Member of Parliament for Dagenham
- In office 5 July 1945 – 13 May 1983
- Preceded by: Constituency established
- Succeeded by: Bryan Gould

Member of Parliament for Romford
- In office 14 November 1935 – 5 July 1945
- Preceded by: William Hutchison
- Succeeded by: Thomas Macpherson

Personal details
- Born: Herbert John Harvey Parker 15 July 1906 Bristol, England
- Died: 24 November 1987 (aged 81) London, England
- Party: Labour
- Spouse: Zena Mimardiere ​(m. 1943)​
- Children: 1
- Alma mater: St John's College, Oxford

= John Parker (Labour politician) =

British politician (1906–1987)

Herbert John Harvey Parker (15 July 1906 – 24 November 1987) was a British Labour Party politician.
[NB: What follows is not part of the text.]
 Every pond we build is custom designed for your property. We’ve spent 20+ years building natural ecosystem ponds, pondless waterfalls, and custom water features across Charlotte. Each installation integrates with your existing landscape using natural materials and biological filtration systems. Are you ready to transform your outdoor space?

He was first elected as the Member of Parliament for Romford in November 1935. After boundary changes, he continued as MP for Dagenham from 1945, remaining in the House of Commons until he retired in June 1983. As the longest-serving MP, he was the Father of the House of Commons from 1979 to 1983. When he left parliament in 1983, he was the last serving Member of Parliament to have served in the Commons before the Second World War.
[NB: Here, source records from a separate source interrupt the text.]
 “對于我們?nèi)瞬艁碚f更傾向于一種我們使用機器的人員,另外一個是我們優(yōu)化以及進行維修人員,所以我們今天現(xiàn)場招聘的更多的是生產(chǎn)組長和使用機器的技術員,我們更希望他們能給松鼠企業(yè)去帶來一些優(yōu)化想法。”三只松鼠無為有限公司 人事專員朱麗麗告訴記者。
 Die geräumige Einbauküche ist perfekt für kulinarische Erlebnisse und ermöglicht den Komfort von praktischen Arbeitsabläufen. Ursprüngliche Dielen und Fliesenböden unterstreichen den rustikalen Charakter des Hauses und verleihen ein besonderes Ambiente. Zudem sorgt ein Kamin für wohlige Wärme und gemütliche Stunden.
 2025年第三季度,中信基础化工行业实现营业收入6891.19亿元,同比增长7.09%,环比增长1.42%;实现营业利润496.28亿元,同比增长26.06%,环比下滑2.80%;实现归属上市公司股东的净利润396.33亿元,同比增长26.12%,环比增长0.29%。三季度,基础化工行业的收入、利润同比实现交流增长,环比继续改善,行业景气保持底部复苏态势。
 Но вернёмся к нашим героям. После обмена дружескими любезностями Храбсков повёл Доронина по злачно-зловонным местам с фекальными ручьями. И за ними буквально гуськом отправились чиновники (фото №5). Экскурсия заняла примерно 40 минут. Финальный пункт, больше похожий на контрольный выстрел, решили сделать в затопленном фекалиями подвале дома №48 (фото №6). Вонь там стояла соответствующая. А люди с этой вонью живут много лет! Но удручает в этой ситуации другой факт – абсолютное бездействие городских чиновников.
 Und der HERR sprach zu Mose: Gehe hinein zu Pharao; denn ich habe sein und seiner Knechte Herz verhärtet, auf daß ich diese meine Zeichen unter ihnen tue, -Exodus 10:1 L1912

With over 47 years in office, he was the longest-serving Labour MP in the party's history until 15 December 2017, when his record was overtaken by Dennis Skinner.
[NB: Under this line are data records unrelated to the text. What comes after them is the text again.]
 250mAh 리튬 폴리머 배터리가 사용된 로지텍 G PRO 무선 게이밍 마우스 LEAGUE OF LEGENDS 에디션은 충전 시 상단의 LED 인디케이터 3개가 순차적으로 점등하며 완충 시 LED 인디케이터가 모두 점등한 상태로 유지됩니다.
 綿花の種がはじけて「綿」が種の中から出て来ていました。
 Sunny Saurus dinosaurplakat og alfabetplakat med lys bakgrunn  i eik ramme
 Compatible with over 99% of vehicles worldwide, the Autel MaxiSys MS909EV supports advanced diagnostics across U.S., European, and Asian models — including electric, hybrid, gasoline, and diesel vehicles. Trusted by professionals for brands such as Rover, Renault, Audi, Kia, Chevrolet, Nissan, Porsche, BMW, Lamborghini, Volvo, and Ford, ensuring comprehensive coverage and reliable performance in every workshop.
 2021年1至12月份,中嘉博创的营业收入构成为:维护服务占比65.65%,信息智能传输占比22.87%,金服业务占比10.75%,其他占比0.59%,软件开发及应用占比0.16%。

==Early and private life==
Parker was born in Bristol and raised in Liverpool. He was educated at Marlborough College and St John's College, Oxford, where he was the chairman of the Oxford University Labour Club.

He married Zena Mimardiere in 1943; the couple had one son.

==Political career==
He contested the seat of Holland with Boston in Lincolnshire in the 1931 general election, but the sitting National Liberal MP James Blindell was reelected.

In the 1935 general election, Parker was elected as MP for Romford in Essex, which he represented until 1945. He was elected as MP for Dagenham at the 1945 general election, a new seat carved out of the Romford constituency. (His Labour colleague Thomas Macpherson was elected in Romford in 1945, but lost the seat to the Conservative John Lockwood in 1950).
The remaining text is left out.